- **DATA EXTRACT**
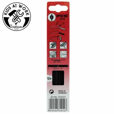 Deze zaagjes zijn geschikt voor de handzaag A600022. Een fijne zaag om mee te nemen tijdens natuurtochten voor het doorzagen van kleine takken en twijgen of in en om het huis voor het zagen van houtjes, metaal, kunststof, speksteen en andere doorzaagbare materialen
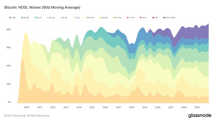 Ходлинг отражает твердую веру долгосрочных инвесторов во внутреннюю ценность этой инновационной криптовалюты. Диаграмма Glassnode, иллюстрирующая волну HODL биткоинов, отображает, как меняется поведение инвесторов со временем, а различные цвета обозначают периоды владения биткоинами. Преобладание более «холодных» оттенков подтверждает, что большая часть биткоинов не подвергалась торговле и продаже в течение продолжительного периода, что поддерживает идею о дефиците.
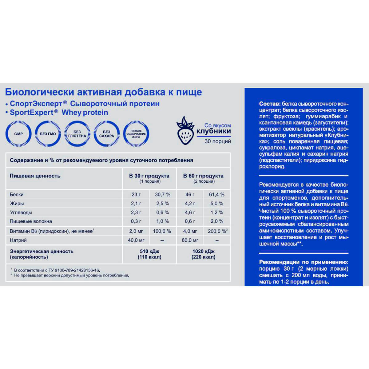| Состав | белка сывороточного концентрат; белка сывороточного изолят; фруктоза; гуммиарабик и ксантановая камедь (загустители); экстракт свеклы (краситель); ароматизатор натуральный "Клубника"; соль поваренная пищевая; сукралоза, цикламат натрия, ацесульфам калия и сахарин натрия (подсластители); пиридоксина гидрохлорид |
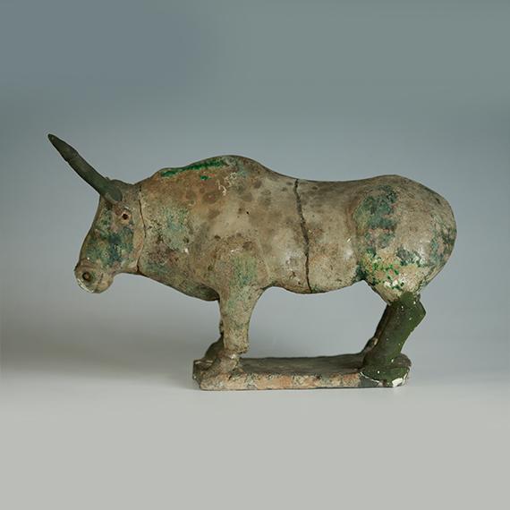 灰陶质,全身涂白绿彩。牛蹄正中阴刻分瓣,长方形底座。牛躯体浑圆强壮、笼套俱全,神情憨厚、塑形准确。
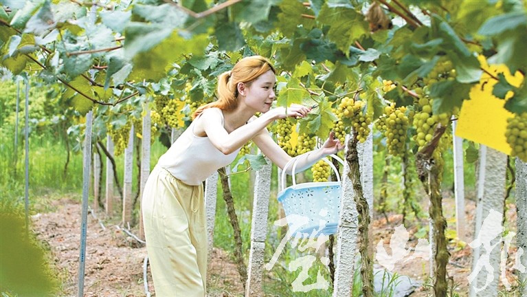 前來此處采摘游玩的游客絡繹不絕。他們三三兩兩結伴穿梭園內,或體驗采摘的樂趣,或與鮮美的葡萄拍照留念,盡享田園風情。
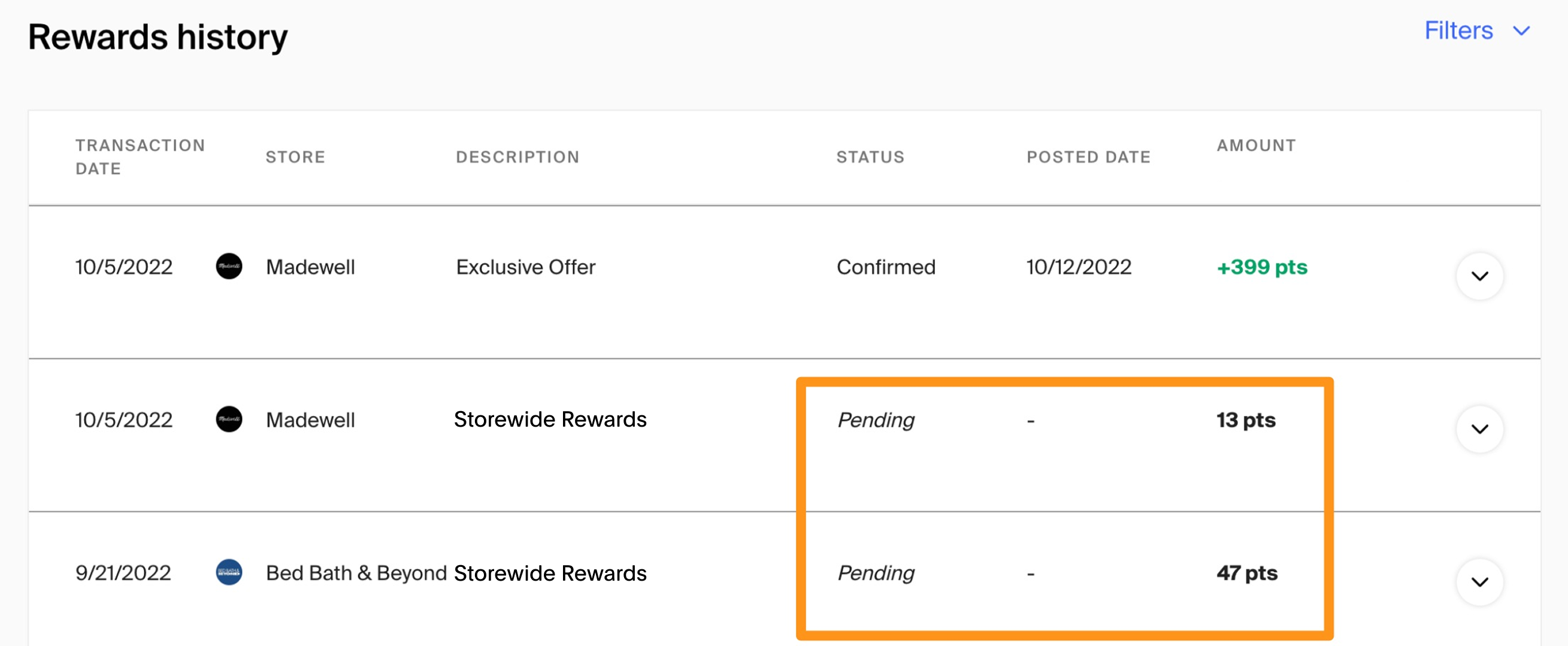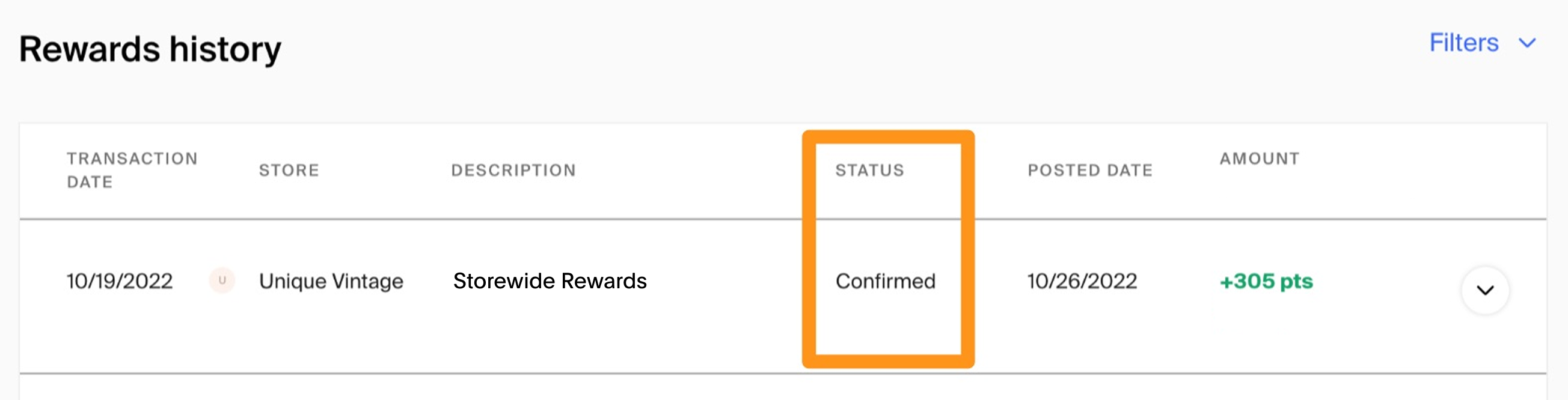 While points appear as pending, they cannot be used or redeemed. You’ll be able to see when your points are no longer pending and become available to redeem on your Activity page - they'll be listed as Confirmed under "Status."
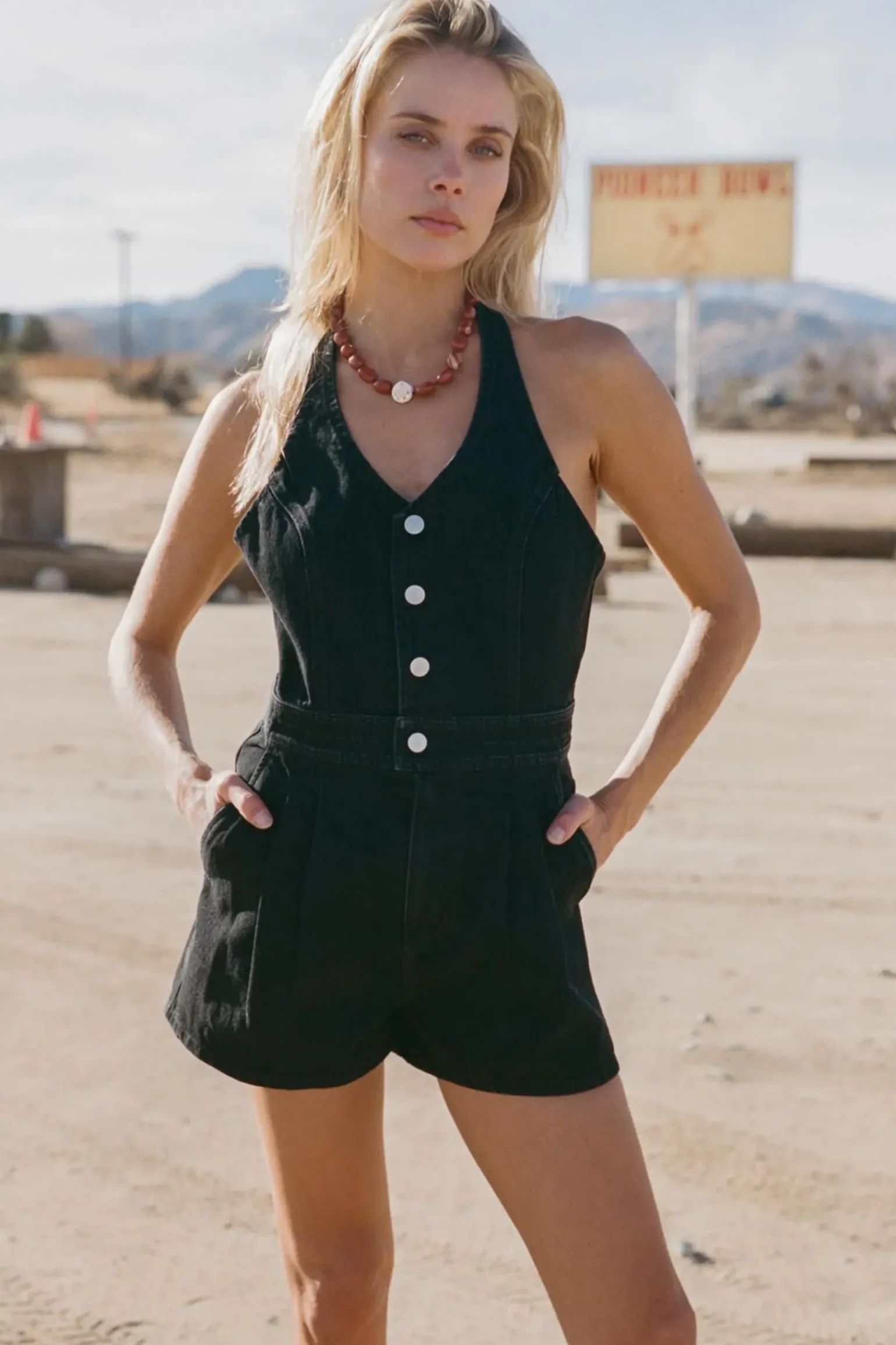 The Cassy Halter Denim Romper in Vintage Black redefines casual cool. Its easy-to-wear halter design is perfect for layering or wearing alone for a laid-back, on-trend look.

- **TASK DIRECTIONS**
The required result is the entries above, printed exactly from the first line through the line with "Ходлинг отражает твердую", pictures excluded.

- **PROBLEM SOLUTION**
 Deze zaagjes zijn geschikt voor de handzaag A600022. Een fijne zaag om mee te nemen tijdens natuurtochten voor het doorzagen van kleine takken en twijgen of in en om het huis voor het zagen van houtjes, metaal, kunststof, speksteen en andere doorzaagbare materialen
 Ходлинг отражает твердую веру долгосрочных инвесторов во внутреннюю ценность этой инновационной криптовалюты. Диаграмма Glassnode, иллюстрирующая волну HODL биткоинов, отображает, как меняется поведение инвесторов со временем, а различные цвета обозначают периоды владения биткоинами. Преобладание более «холодных» оттенков подтверждает, что большая часть биткоинов не подвергалась торговле и продаже в течение продолжительного периода, что поддерживает идею о дефиците.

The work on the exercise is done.